HUD Secretary Shaun Donovan and Utah Gov. Gary Herbert talk with Palmer Court resident Anna Hale on Wednesday.
Jeffrey D. Allred, Deseret News
SALT LAKE CITY — Utah's efforts to house the homeless is among the most successful in the country — and an example the federal government plans to embrace in hopes of ending veteran and chronic homelessness by 2015. By 2020, government officials intend to help the children, youths and families who are homeless find stable, permanent living situations, according to America's top housing official.
Particularly shameful is the fact that so many American veterans are homeless, said Housing and Urban Development Secretary Shaun Donovan on a visit to Utah Wednesday.

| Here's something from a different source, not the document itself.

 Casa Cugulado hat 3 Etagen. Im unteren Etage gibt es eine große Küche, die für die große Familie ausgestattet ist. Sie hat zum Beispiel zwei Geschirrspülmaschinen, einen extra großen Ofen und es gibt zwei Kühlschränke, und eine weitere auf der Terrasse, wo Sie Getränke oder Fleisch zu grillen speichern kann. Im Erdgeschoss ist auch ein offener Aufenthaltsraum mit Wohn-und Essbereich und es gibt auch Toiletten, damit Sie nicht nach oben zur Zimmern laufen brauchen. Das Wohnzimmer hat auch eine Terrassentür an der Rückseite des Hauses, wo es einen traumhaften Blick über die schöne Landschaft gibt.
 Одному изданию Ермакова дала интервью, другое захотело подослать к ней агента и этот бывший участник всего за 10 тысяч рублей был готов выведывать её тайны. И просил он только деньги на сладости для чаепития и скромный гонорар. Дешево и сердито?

About 1 in 6 of those who stay in homeless shelters nationally "have worn this country's uniform," he said.
Ending homelessness is "not just a noble fight, but a problem we can solve," said Donovan during a visit to Palmer Court, a low-income housing complex for people who before were chronically homeless located at 999 S. Main in downtown Salt Lake. He toured the 201-unit property with Utah Gov. Gary Herbert, state housing officials and Lt. Gov. Greg Bell, among others.
Utah has reduced its chronic homelessness by 69 percent since it implemented a statewide plan more than five years ago. Key to that 10-year plan was creating more than 500 new housing units in the past four years specifically to provide stable housing to that population. The housing is subsidized and comes with services such as case management. Palmer Court also has an onsite Head Start program.

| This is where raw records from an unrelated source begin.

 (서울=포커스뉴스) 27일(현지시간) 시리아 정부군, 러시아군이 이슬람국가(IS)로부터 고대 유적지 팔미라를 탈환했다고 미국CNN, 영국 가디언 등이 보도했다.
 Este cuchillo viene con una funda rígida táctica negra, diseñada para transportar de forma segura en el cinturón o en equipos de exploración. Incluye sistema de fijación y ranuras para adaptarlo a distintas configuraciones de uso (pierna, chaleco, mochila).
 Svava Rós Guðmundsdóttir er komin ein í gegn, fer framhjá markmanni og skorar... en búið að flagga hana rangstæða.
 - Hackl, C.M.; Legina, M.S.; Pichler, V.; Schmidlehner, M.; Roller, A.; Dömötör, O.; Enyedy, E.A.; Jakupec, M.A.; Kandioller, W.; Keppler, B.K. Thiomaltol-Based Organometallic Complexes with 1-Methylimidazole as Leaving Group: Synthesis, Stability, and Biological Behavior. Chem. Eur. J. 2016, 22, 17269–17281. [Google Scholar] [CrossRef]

Nationally, "Rapid Rehousing" and similar programs that get people into housing of their own and then help them find a job and stability have reduced chronic homelessness by one-third. It's much less expensive at about $9,000 than the money spent on public services when the homeless live in shelters or on the streets. That costs anywhere from $10,000 to $100,000 each, experts say.

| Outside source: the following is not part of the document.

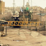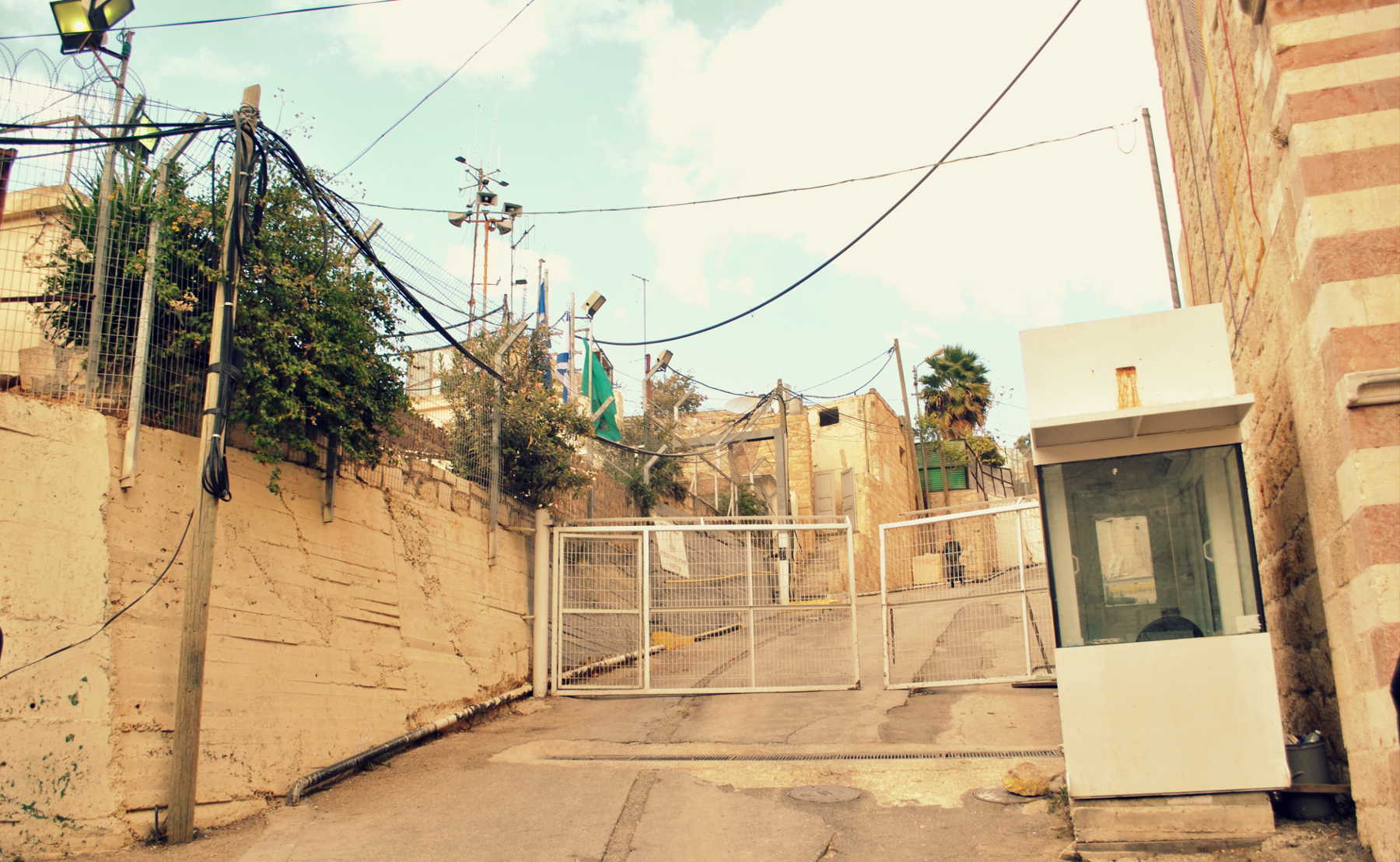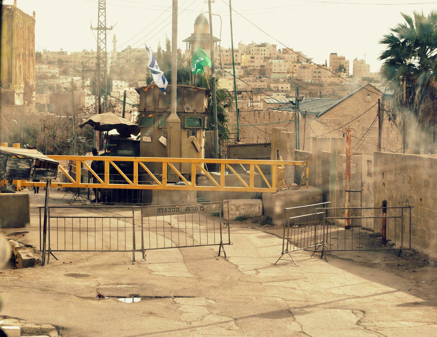 Der Platz, an dem unsere Busse hielten und an dem wir uns vor unserem Stadtrundgang versammelten, war direkt neben einer der Sperren, die die Sektoren H1 und H2 voneinander trennten. Wir sahen israelische Soldaten, die Wache standen.

Just last year, Utah reduced chronic homelessness by 29 percent, which is particularly significant considering the downturn in the economy.
Investing in a population that needs help so desperately is partly about doing what's right, a form of "stewardship," Herbert said. But it's also the choice that makes the most sense economically.
Donovan acknowledged not only a fiscal deficit in America, but what he called " a trust deficit." Programs like these efforts to help the homeless, he said, are examples of effective government and money well spent.
"I feel this is a great example that gets us beyond the partisan divide," said Donovan. And it plays into what people really want, he added: "a smart government."